WEST TOWN — Friends, family and loyal customers of Odge's, which has anchored the northwest corner of Damen Avenue and Superior Street for more than 40 years, are mourning the loss of the hot dog stand's 67-year-old owner and community staple.
Edwin Steven Boksa Sr., who went by the nickname of "Odge," died about 2 a.m. Monday from a heart attack, family members said Wednesday as they gathered in front of Odge's. The restaurant is closed for the immediate future.
"We are distraught," said Porfirio "Pilo" Diaz, a nephew of Boksa's.
Located just south of Chicago Avenue, Odge's opened in 1971 at 730 N. Damen Ave.
The bright yellow, red and green restaurant is easy to spot from the street. Yelp.com reviews include fans raving about Odge's Italian beef, hot dogs, "greasy Polishes" and "pure heaven" cheese fries.
Diaz, 27, began working at Odge's when we was 17. He works with Odge's son, Edwin Steven Jr., or "Junior," who is the restaurant's general manager.
Both Diaz and "Junior" were trained by the elder Boksa.

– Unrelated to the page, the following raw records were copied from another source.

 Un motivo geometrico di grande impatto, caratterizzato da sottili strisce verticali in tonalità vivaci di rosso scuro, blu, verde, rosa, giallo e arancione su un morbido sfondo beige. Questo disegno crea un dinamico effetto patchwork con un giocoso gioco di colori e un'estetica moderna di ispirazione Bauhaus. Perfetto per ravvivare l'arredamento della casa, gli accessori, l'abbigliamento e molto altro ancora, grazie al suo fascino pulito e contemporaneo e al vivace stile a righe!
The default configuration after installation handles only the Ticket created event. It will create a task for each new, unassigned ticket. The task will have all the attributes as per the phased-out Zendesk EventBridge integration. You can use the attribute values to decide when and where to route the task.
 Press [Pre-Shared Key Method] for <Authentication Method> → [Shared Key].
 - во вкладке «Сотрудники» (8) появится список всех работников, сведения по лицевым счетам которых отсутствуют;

"If you wanted to work, he would teach you what it is to make money and give all the advice you needed," Diaz said, adding that he and his cousin grew up a block away from Odge's and "everyone has lived in [Odge's] building at one point of our lives."
Boksa was born in Chicago and grew up in the 1900 block of Huron Street, Diaz said.

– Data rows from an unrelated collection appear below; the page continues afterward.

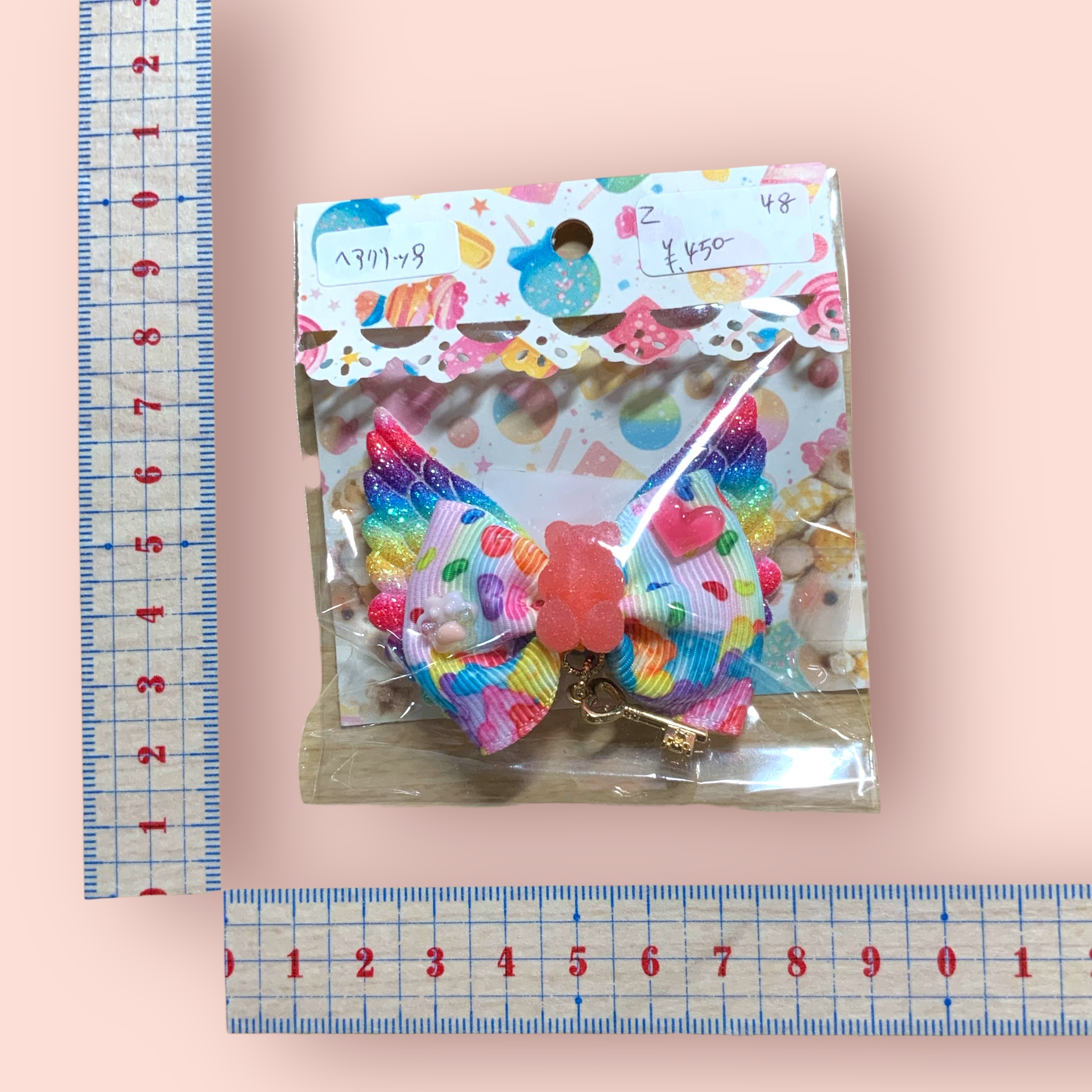 ヘアクリップ レインボー羽 グミベア×カギチャーム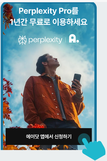 3️⃣ 3단계: 신청완료하기 에이닷 앱에서 '지금 신청하기' 버튼 클릭, 간단한 약관 동의 후 신청 완료, 퍼플렉시티 계정 생성 또는 기존 계정 연결합니다.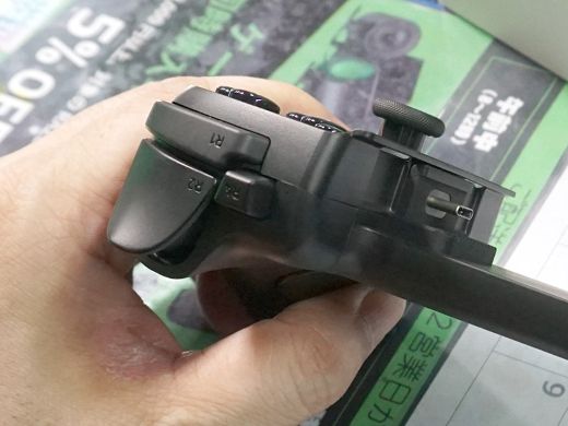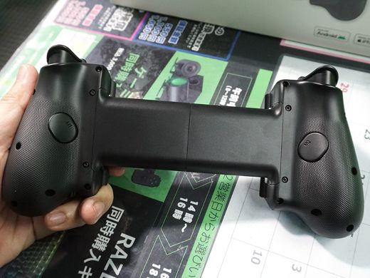 トリガーボタンに加えて背面にマウスクリックボタン×2を備えるほか、3.5mm音声出力やパススルー充電可能なUSB Type-Cポートも搭載。有線USB Type-C接続でPC用ゲームパッドとしても使用できる。
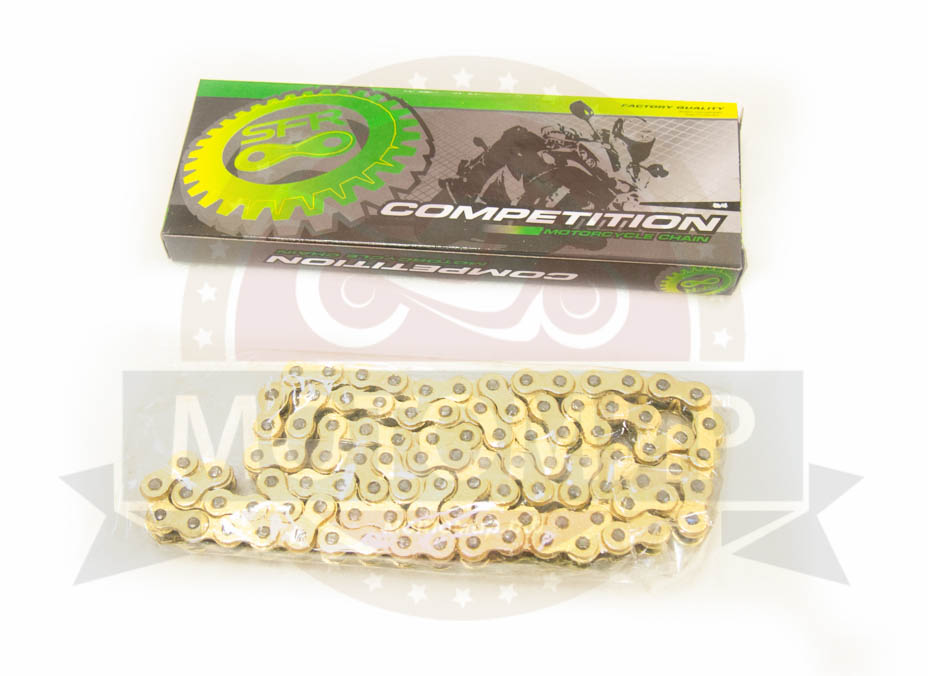 Цепь (420HР) SFR -100 зв. тюнинг в инд. упак. (коробка), СУПЕР УСИЛЕННАЯ., цв.ЗОЛОТО (Альфа) (Н)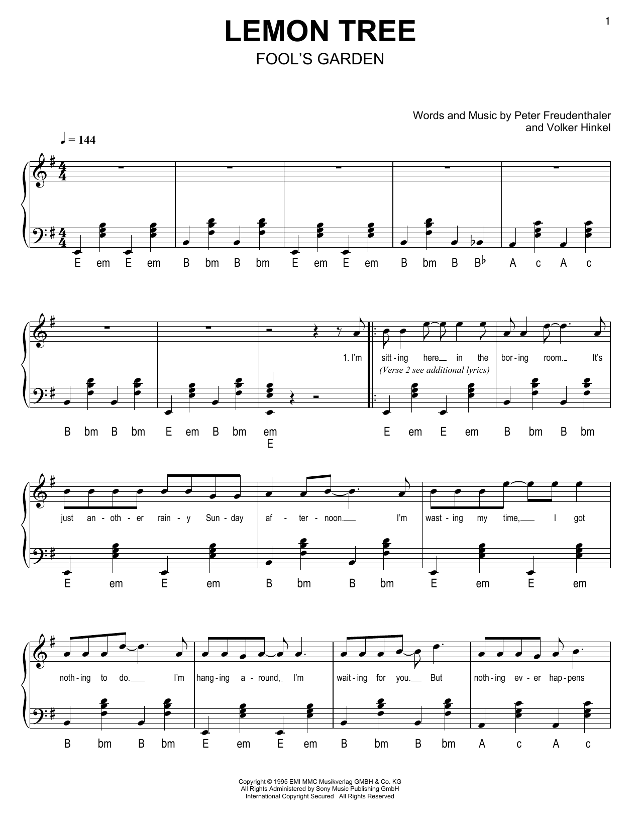 Download or print Fool's Garden Lemon Tree sheet music, chords and digital score arranged for Accordion. This German score includes 5 page(s).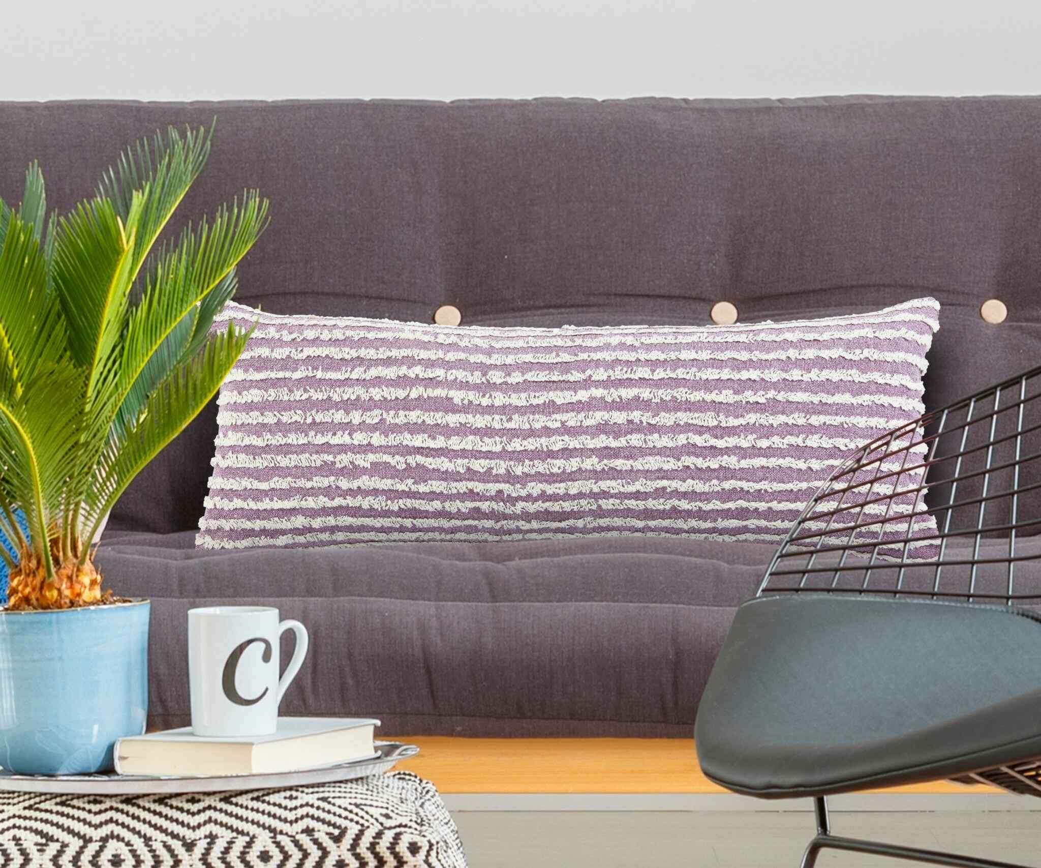 14" X 36" Purple And Cream 100% Cotton Striped Zippered Pillow

When Odge was young, his sister "couldn't pronounce Edjew, which was Polish for Edwin, so she would say 'Odge,'" Diaz said.
Boksa and his wife, Juana, owned the corner building at Damen and Superior where Odge's is located and have been involved in community organizations and employing local youth for the entire time the restaurant has existed, Diaz said.

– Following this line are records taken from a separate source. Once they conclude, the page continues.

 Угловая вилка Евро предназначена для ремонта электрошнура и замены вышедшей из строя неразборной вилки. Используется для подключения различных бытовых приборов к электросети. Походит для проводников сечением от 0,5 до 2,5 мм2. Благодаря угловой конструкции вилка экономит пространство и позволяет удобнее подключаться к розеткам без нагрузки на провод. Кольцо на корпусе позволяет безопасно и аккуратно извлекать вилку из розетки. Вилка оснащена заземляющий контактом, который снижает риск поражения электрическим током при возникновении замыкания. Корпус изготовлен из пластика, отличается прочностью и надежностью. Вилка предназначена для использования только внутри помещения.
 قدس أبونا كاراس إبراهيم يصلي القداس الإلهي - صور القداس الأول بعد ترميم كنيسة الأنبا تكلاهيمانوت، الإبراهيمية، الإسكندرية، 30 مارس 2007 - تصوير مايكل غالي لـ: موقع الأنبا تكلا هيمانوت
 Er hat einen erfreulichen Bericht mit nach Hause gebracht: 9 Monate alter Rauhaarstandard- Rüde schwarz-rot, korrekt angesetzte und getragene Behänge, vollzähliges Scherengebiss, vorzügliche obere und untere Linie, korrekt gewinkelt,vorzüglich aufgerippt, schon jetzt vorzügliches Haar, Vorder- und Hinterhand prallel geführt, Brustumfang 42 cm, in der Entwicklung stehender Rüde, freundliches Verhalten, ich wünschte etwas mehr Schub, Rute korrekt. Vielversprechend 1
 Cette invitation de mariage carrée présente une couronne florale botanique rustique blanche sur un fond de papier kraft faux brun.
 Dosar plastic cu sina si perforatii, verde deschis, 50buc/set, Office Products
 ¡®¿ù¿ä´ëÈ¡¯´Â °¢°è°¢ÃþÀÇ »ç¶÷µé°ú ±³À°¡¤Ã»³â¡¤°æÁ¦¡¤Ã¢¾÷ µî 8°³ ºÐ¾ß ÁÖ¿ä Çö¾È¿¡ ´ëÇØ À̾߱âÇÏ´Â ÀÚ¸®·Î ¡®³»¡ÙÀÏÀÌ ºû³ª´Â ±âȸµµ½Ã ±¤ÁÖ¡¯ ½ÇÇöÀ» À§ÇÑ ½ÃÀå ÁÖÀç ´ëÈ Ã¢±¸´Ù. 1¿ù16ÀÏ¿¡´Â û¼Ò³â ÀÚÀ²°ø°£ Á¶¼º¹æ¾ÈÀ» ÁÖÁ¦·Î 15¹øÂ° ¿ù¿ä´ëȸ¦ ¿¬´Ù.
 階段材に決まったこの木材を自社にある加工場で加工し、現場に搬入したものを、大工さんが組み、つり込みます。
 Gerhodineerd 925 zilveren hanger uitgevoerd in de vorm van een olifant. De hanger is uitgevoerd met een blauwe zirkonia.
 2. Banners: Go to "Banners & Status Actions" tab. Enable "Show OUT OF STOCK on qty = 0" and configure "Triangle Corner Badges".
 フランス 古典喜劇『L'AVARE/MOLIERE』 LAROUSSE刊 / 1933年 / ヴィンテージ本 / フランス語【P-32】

"He gets people from the neighborhood to work there. He only hires people he knows," Diaz said.
Boksa maintained a constant presence at Odge's, even when he began suffering from complications from diabetes over the past 10 years, Diaz said.
Diaz described his uncle as "an average-size man with a big sweet tooth: He did what he wanted, and he didn't believe in doctors."
"He would call us in the middle of the night if he saw anything suspicious," said Heibel, who has operated her business across from Odge's for 20 years.
Heibel recalled one night when a light was left on in one of Sprout's delivery trucks, and Boksa not only called police but he waited until they arrived to make sure everything was OK.
"He was scared there was a break-in and was looking out for us," Heibel said of Boksa, who she said was "a facet in the neighborhood."
Sympathies are pouring in on Odge's Facebook page "wall."
Javier "Harv" Roman, a local resident who lives two blocks from Odge's, wrote that he was "very careful not to walk in front of Odge's" if he was carrying a McDonald's bag and Odge was sitting on the front step.
About 20 years ago, a McDonald's opened less than one block from Odge's, at the northwest corner of Damen and Chicago avenues.
"Food is food but when you came in [to Odge's] you'd see Odge, you'd see his wife, you'd see his kids. Odge's was one of those places that lasted and did not change, with the booths and the black and white photos on the walls," Roman said in a telephone interview.
Roman grew up in the neighborhood and worked as a program director for the Boy's and Girl's Club.
"I would tell him how many kids we had to feed and he would type up all the sandwiches and then just say, 'Give me $20 bucks.' It was always much less. He never gave us the actual rate," Roman said.
Roman said Odge "was more than just a neighbor. He was family, he was a friend. He was a great character who represented West Town well ... before it was known as West Town."
In addition his wife, Juana, two sons, a daughter and three grandchildren, Boka is survived by several nieces, nephews and friends. Services were held Wednesday. The burial will be private.